Fred Savage stars with a bunch of no names in a movie that’s basically a one and a half hour infomercial for Nintendo.  Savage’s little brother, Jimmy, has a mental illness (probably autism) and doesn’t really say anything in the movie.  He is, however, very skilled at playing video games.  Savage, Jimmy, and some girl they bump into travel to Las Vegas (I think) to enter a $50,000 video game tournament.  The movie has every played 80s cliché in the book, but the nostalgia of playing Nintendo games as a youth allows it to keep a soft spot in my heart.
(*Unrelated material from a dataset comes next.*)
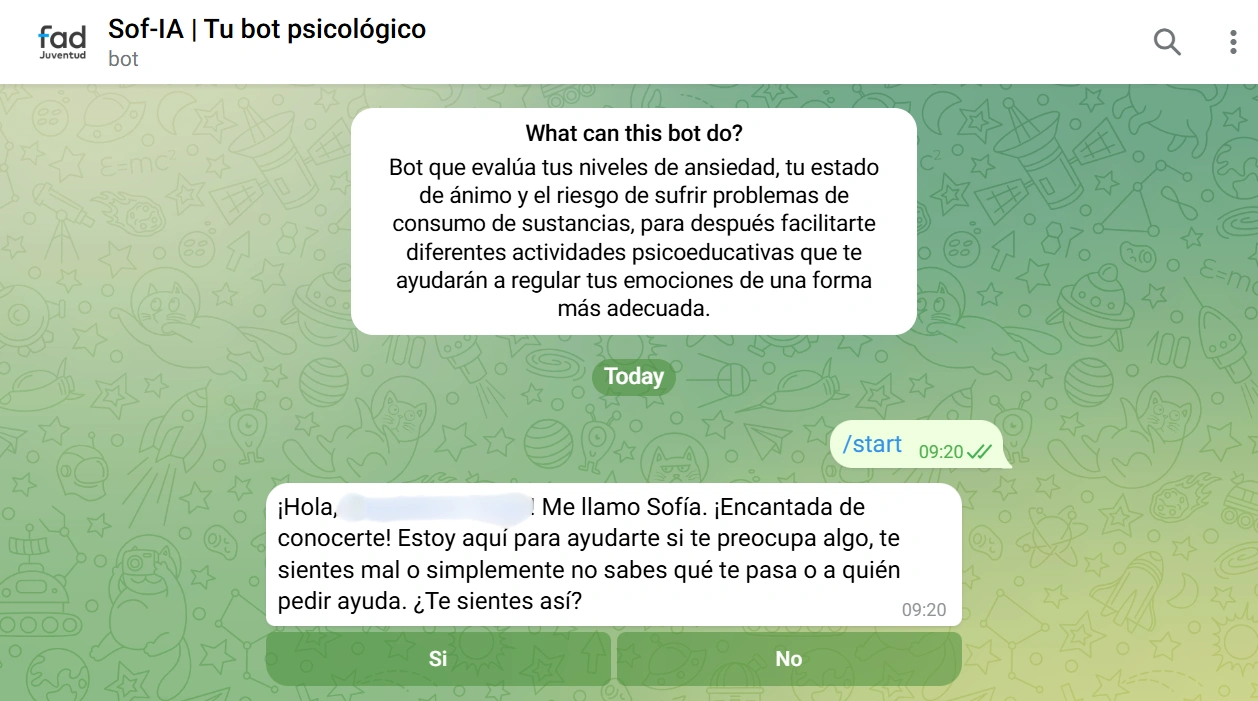 Pe de altă parte, inteligența artificială poate face parte și din soluție. Una dintre inițiativele bazate pe AI dezvoltate în Spania este Sof-IA, chatbot-ul fundației Fad Juventud. Acest chatbot „gestionează întrebări legate de consumul de substanțe, precum și de suferința emoțională, inclusiv situații de violență digitală”, conform explicației fundației pentru Maldita.es, și este conceput pentru tinerii care „nu vor sau nu îndrăznesc să scrie unui serviciu cu personal uman sau preferă anonimatul conversației”. De la lansarea sa în 2024, Sof-IA a gestionat peste 800 de interogări, conform fundației, deși inițiativa are încă limitări precum lipsa de interactivitate, conținutul „oarecum scurt sau simplu” și faptul că chatbot-ul este implementat doar pe Telegram.

The Power Glove … it’s so bad


A police officer gets hurt badly, and has to be constructed into a cyborg in order to save his life.  Robocop can analyze things like a computer, but still has a little bit of the personality of the human being.  Other than Robocop throwing a bunch of people through glass windows, I don’t remember too many details from the first movie (because it wasn’t very good at all), but I do remember something distinct from the sequel.  Robocop has to fight a much larger and stronger cyborg at the end, but this particular creation is dependent on this synthetic cocaine like substance, because the human was a huge addict.  I couldn’t believe the writers actually thought it was a good idea to have a robot that was a crack head.  Who green lighted this?

Purple Rain

Prince stars as himself in a story of love, betrayal, loyalty, and self discovery.  The acting was putrid, but all the stars were exonerated because much of the movie consisted of “live” performances by Prince’s band and Morris Day and the Time.  Purple Rain the movie is generally considered an afterthought to the album of the same name.  The incredible movie soundtrack produced two #1 hits (Let’s Go Crazy and When Doves Cry) and a #2 hit in Purple Rain.


“Have you ever purified yourself in the waters of lake Minnetonka?”


The Running Man

The 1980s version of The Hunger Games.  Arnold Schwarzenegger plays the role of a former military pilot convicted of a crime he didn’t commit.  The film is based in a dark future where criminals have the option of appearing in a gladiator style game show where they have to fight for their lives.  These game shows are tremendously popular amongst the masses, and of course everything is rigged just like in The Hunger Games.  Schwarzenegger of course fights his way through a host of badly costumed baddies, making dreadful one-liners the entire movie.  Of course the action is great (for back then), and the depiction of a dystopian society is always intriguing.